La liberté de conscience de Dominique Avon
Une véritable somme sur la liberté de conscience : tel apparaît cet ouvrage, impressionnant par son volume, mais surtout par la diversité des sources (quelque 4 500 selon l’auteur) et des données historiques, les écrits et actes juridiques exposés dans leur pluralité contradictoire. Cette agrégation de fils et de contre-fils disparates est nécessaire pour appréhender de façon adéquate la trame de l’histoire, au cours long et cahoteux, de la liberté de conscience.
La question de cette liberté est majeure dans la vie en société. S’y joue la condition vécue des personnes et de leurs relations mutuelles en matière de religion et de convictions partagées ou non, donc en matière de théories du sens de l’existence. À nos yeux d’héritiers, c’est une question qui pourrait paraître a priori simple à comprendre.
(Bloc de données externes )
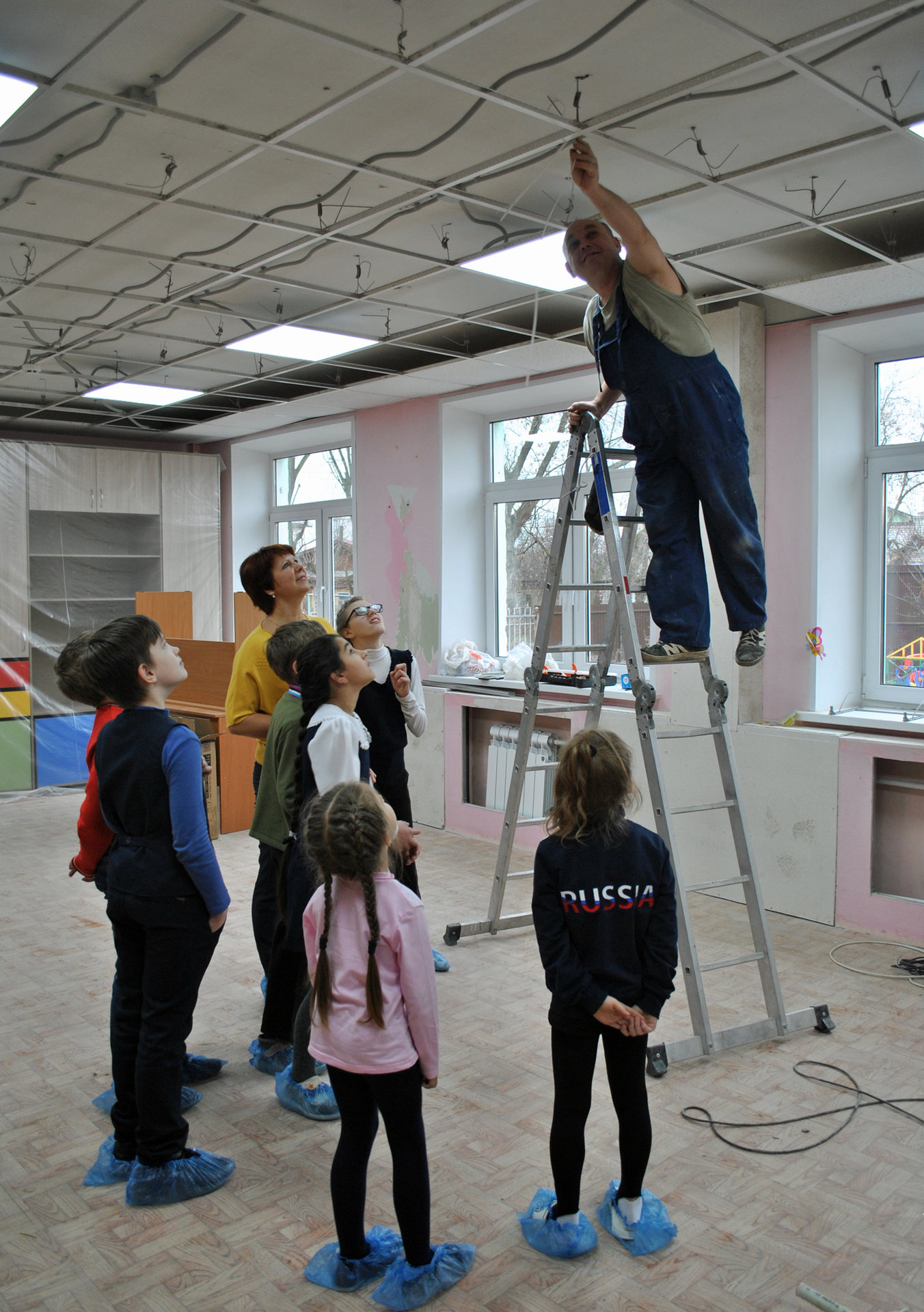А чтобы узнать некоторые тонкости профессии, ребята вместе с педагогами посетили наше отделение ранней абилитации, где сейчас идет текущий ремонт. Дети с интересом пообщались с настоящими строителями, подержали в руках инструмент, познакомились со строительным материалом.

Pourtant, l’ouvrage de Dominique Avon montre combien, dans ses enjeux inséparablement individuels et collectifs, ses menaces de violence et ses dilemmes jamais résolus de façon définitive, la liberté de conscience s’avère toujours d’une extrême complexité.
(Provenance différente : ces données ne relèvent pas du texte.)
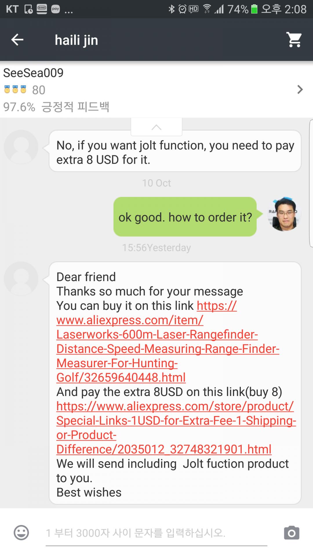 그래서 다른 판매자에게 문의하니 졸트 기능이 있는 버전은 8달러만 더 결제하면 보내 준다네여.

L’auteur déploie la notion dans le temps (« deux millénaires et demi ») comme dans l’espace (le monde entier). Malgré cette immensité de données réunies, le regard se focalise sur les théories qui sont de nature à retenir notre attention dans le présent : hindouisme, bouddhisme, confucianisme, judaïsme, christianisme, islam. Partout se sont manifestées et se manifestent encore des marges subversives, devenues décisives dans des processus qui finissent par imposer la question avant qu’elle ne devienne reconnaissance universelle en bonne et due forme de la liberté de conscience. Le lecteur est convié à un périple en six épisodes, celui concernant les « années 1940-fin des années 1960 » étant placé au début, afin de faciliter la compréhension de ce que Dominique Avon met au cœur de sa démarche : « le rapport triangulaire entre un sujet individuel, une autorité politique et une autorité religieuse ». Ainsi, l’invention de la liberté de conscience a partie liée avec celle de l’individu en tant que sujet de droits inaliénables, au nom de sa primauté reconnue par rapport à tout groupe de rattachement.
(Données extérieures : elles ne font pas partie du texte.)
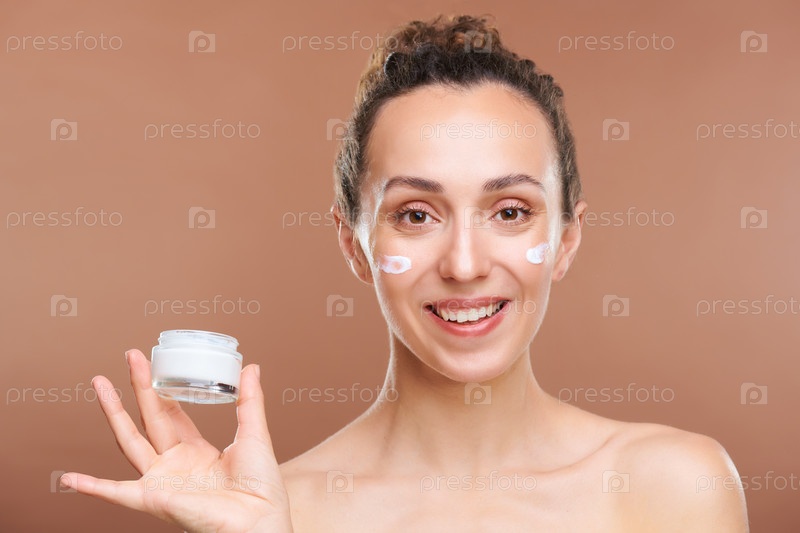Молодая красивая женщина держит маленькую банку с увлажняющим и омолаживающим кремом

On découvre ainsi comment les chemins de la liberté de conscience se tracent à travers des conceptions différenciées de la « tolérance » comme de la « liberté religieuse ». Alors que les libertés religieuses ont été longtemps susceptibles d’exister, fût-ce de manière aléatoire, sur différents territoires, selon des modalités de portée collective, la liberté de conscience a, pour sa part, une norme fondée sur des modalités de portée individuelle. Elle implique de reconnaître à quiconque la possibilité publique de croire sous quelque forme que ce soit, comme de changer de croyance, mais aussi de « ne pas (ou plus) croire ». Et aussi celle de se comporter à l’avenant, sans se voir pour autant inquiété, mieux : en étant traité à égalité de considération avec tous. Une telle norme n’a émergé que tardivement et à l’arraché, sur l’espace occidental, d’abord comme une idée dont l’expression est plus ou moins tolérée (xvie siècle) avant de l’être comme un principe à peu près reconnu (xviiie siècle), et in fine comme un principe universel reconnu de droit imprescriptible par la Déclaration universelle des droits de l’homme de 1948 (art. 18).
L’auteur de cette recherche a réalisé un travail considérable, et on ne voudrait pas excessivement le chicaner. Néanmoins, pour la forme, on regrette le grand nombre de coquilles, les citations non traduites (de l’anglais notamment, que tout le monde n’est pas censé connaître), l’index imparfait des noms et d’autres index manquants, qui eussent été utiles. Sur le fond, pour la période la plus contemporaine, s’il décrit très utilement la diversité interne de l’islam (chiite, sunnite), on aurait aimé qu’il ne se contente pas du catholicisme le plus officiel, celui du Vatican à Rome. De même, on regrette qu’il n’ait pas vu, quitte à critiquer cette dérive, combien la liberté de conscience s’était déplacée vers les questions dites « sociétales », donc sur le terrain de l’éthique, où les religions et les confessions exercent pour la plupart une énorme pression sur les États désireux de changer leurs législations… Ces réserves mises à part, on peut et on doit saluer un travail d’une ampleur exceptionnelle, sur un thème décisif aujourd’hui comme hier, et dans le monde entier.